Sets cut-off for linear chains method (TTA) based on passage. Input values:

TTACUT : linear chains method (TTA) cut-off (default value: 1.0E-28)

Notes:

  • Setting TTACUT cut-off to a higher value serves as a termination criterion where any chain accounting for less than the fraction TTACUT of the total atomic density is ignored.

set ttb

set ttb OPT

Sets the thick-target bremsstrahlung approximation for modelling electrons and positrons on and off. Input values:

OPT  : option to set thick-target bremsstrahlung approximation off (0/no) or on (1/yes). The default option is "on"

Notes:

  • The photon transport physics model is described in a related paper[7]

set ttbpm

set ttbpm OPT

Sets a separate bremsstrahlung model for positrons. Input values:

OPT  : option to set a separate bremsstrahlung model off (0/no) or on (1/yes). The default option is "on"

Notes:

  • The photon transport physics model is described in a related paper[7]

set ufs

set ufs MODE ORDER NX NY NZ
set ufs MODE ORDER LAT NZ ZMIN ZMAX
set ufs MODE ORDER NX XMIN XMAX NY YMIN YMAX NZ ZMIN ZMAX

Turns on the uniform fission source (UFS) method.

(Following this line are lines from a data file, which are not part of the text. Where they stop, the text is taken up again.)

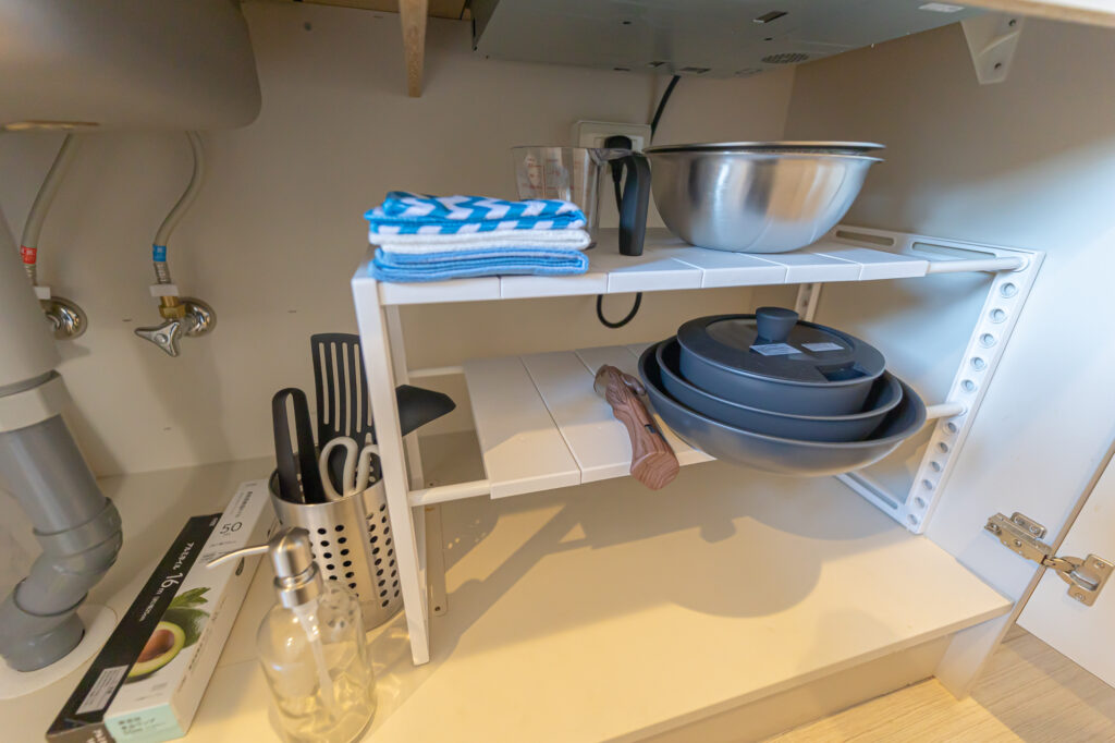 There is also a kitchen, so it is perfect for long-term stays!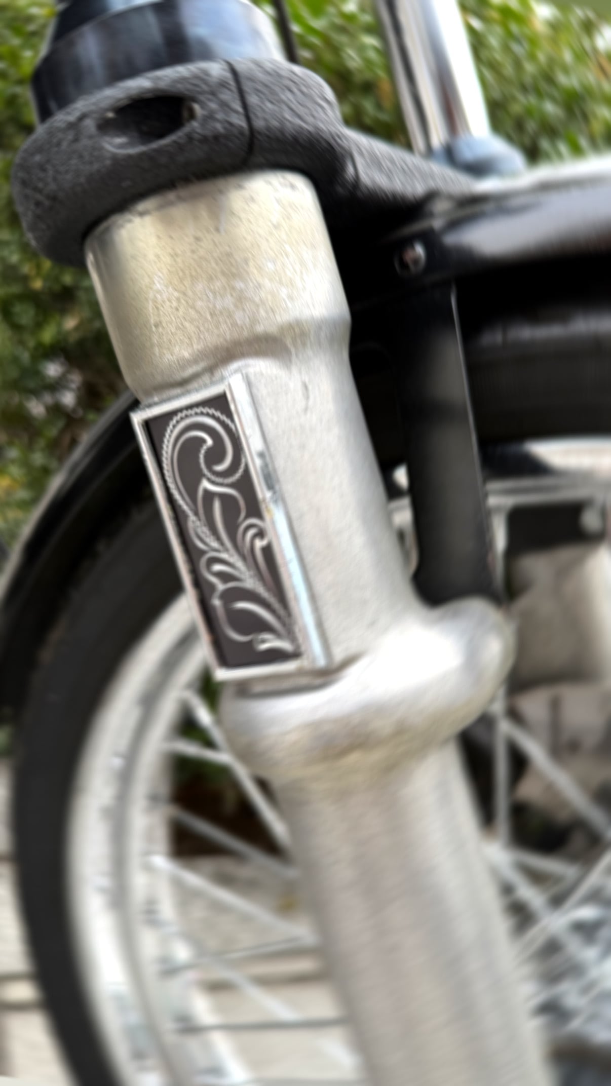 1973-87年の35mmフォーク、1980-1990年FXWG, FXTモデルのフォークのサイドに貼り付けてあるクロームベゼルのリフレクターの代わりに付けるアクセサリーパーツ。同じサイズのベゼルを持つリアフェンダーのリフレクターとの交換用にもおすすめです。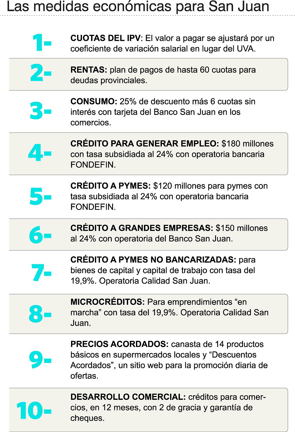 En cuanto al incentivo al consumo hay dos medidas. Por un lado, se acordó con el Banco San Juan reeditar por 120 días la línea para sus tarjetas de crédito, que otorga descuentos de entre el 15% y el 25% en comercios adheridos y seis cuotas sin interés para la compra con los plásticos. El interés es cero por estar subsidiado por el Gobierno. Por otro, con los supermercados locales se logró un acuerdo de precios que se lanzará la semana próxima sobre unos 14 productos de la canasta básica, tal como se hace desde hace dos años. Simultáneamente debuta "Descuentos Acordados", un sitio web donde los comercios adheridos diariamente publicarán importantes descuentos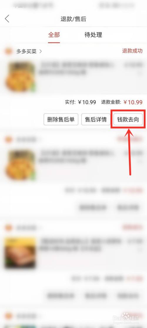 找到多多买菜订单,点击【钱款去向】,即可查询退款去向。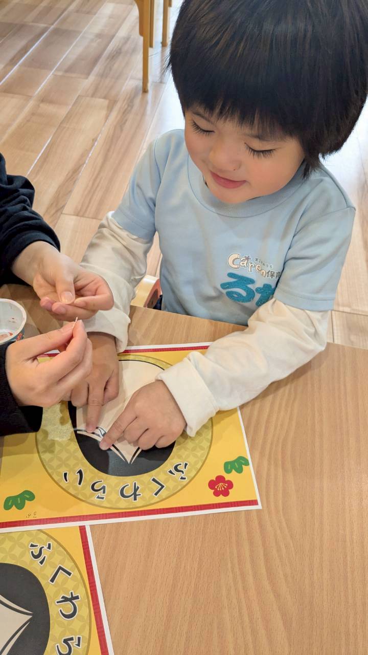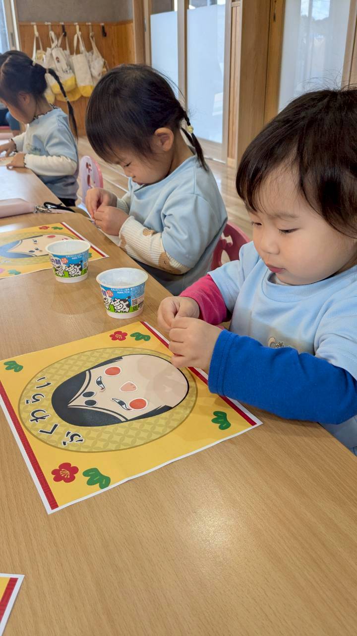 今日はお正月遊びの一つ、福笑い遊びをしました。おかめさんの顔に両面テープを剥がして一つ一つのパーツを貼っていきました。一人一人個性豊かな面白い福笑いに仕上がりましたよ😆 出来た福笑いを壁に貼ると『あれ私のだよ、これ僕のだよ』とお話ししあっている可愛い姿も見られました🩷。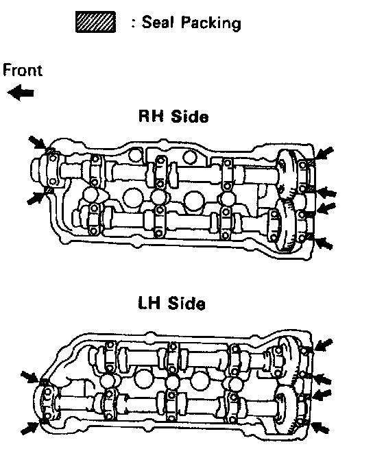 a. Apply seal packing to the cylinder heads as shown in the illustration.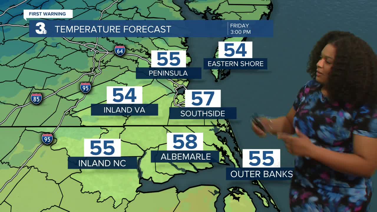 Highs will reach the mid 60s in the morning but fall throughout the rest of the day. By the afternoon, we’ll be in the upper 40s. Skies clear out and will be mostly clear tonight with lows in the 30s.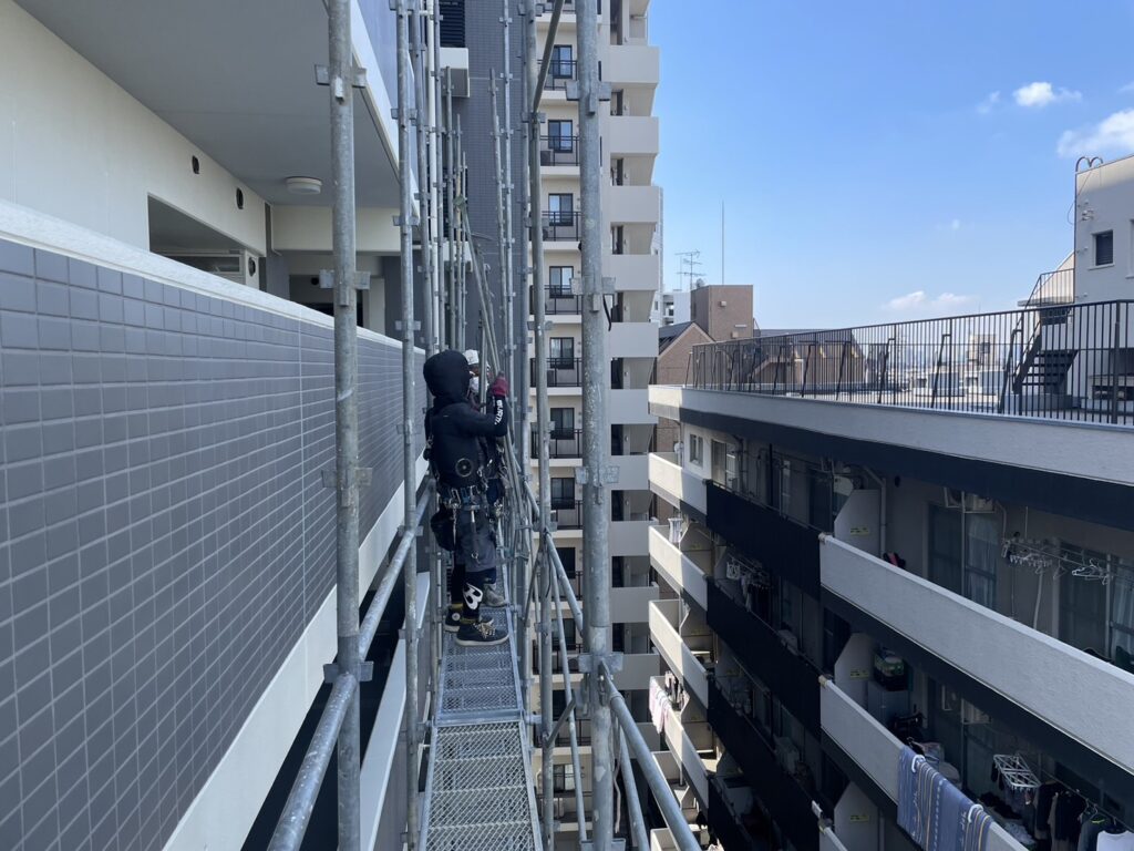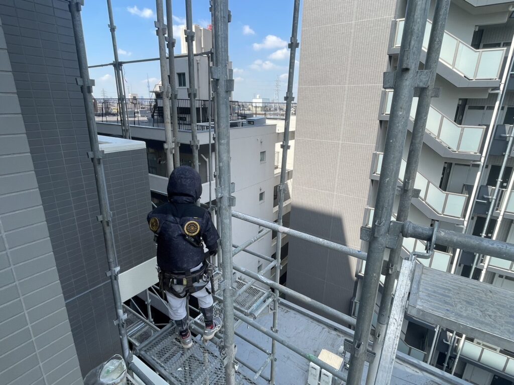 今日は欠けた部分、割れた部分の補修をおこない、明日26日(土)に吹付塗装をおこないます。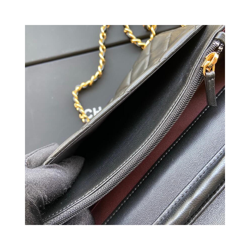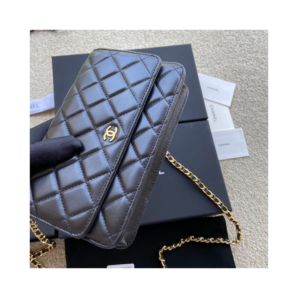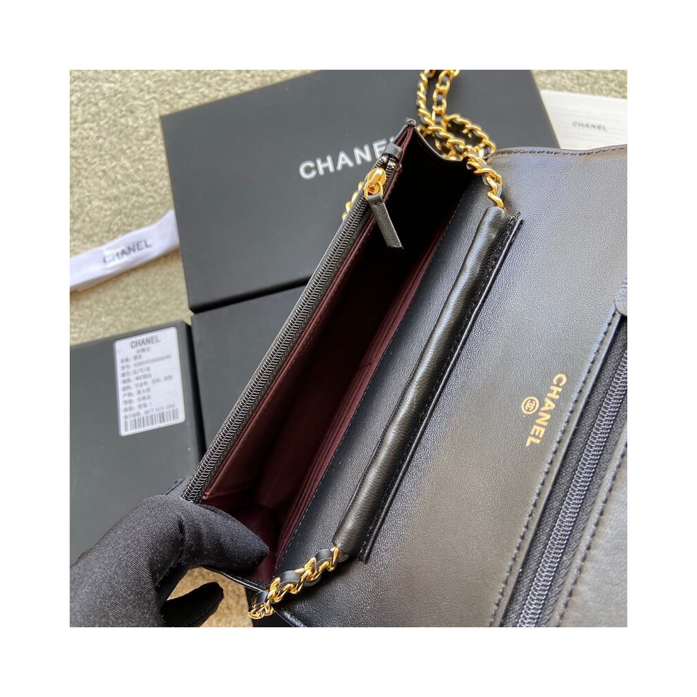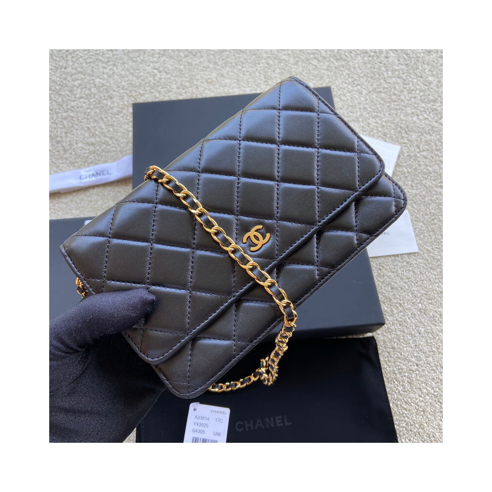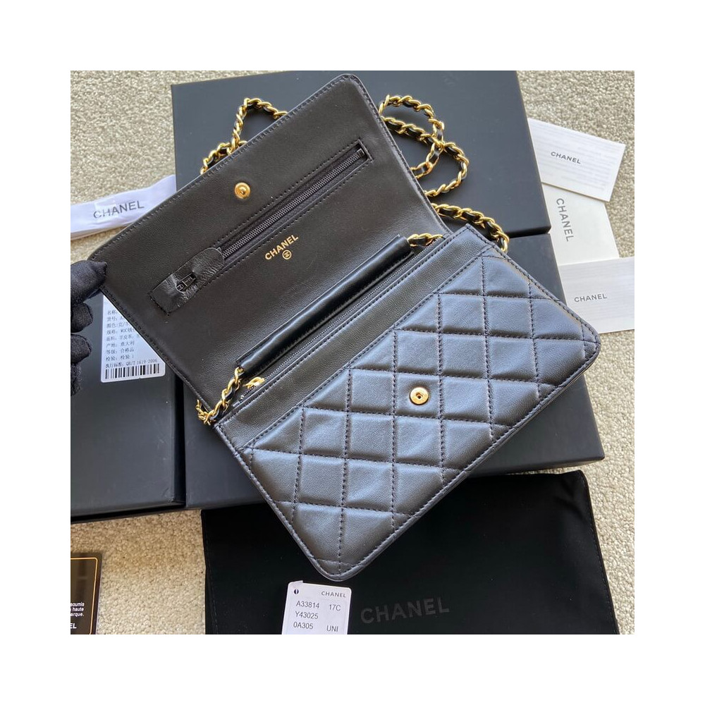 This stylish wallet is crafted of luxuriously textured diamond quilted caviar leather in black. This shoulder bag features a polished gold chain-link crossbody strap and a Chanel CC logo on the facing flap. The bag opens to a burgundy fabric interior with a zipper compartment, card slots, and a leather patch pocket.

Input values:

MODE  : reaction rate for the weighted mesh distribution (1 = total (collision), 2 = flux, 3 = fission)
ORDER  : exponential factor to adjust the steepness of the distribution
NX  : number of x-mesh cells
XMIN  : minimum x-coordinate mesh boundary [in cm]
XMAX  : maximum x-coordinate mesh boundary [in cm]
NY  : number of y-mesh cells
YMIN  : minimum y-coordinate mesh boundary [in cm]
YMAX  : maximum y-coordinate mesh boundary [in cm]
NZ  : number of z-mesh cells
ZMIN  : minimum z-coordinate mesh boundary [in cm]
ZMAX  : maximum z-coordinate mesh boundary [in cm]
LAT  : lattice name defining the mesh structure

Notes:

  • The UFS method collects the reaction rate distribution during inactive neutron cycles and adjust the number of emitted fission neutrons during the active cycles by a factor.
    • The factor for a given mesh cell i: \overline{f_j^r} / f_i^r, where f is the distribution and r the exponential factor.
  • The mesh definition can be characterized as:
    • The full-geometry (type 1 definition, 3 parameters)
    • Fixed to a lattice (type 2 definition, 4 parameters)
      • It fixes the mesh structure in x- and y- directions.
      • The lattice can be 2D square or hexagonal type defined in the global coordinate system.
    • Delimited within a region by the number of mesh cells and boundaries in x-, y- and z- directions (type 3 definition, 9 parameters)
  • By defining the exponential factor ORDER to "1.0", the method results in a relatively uniform distribution of source points.
  • Applicability:
    • The uniform fission source method only has applicability in criticality calculations.
    • An additional mode, MODE 4, has been set to use the uniform fission method coupled with the built-in response matrix solver.
      • The mesh definition is carried out by the response matrix mesh (see set sca option).
      • The exponential factor is set to 1.0.
      • The methodology is described in a related paper[29].

set ures

set ures OPT [ NUC1 NUC2 ...  ][ DILUCUT ] 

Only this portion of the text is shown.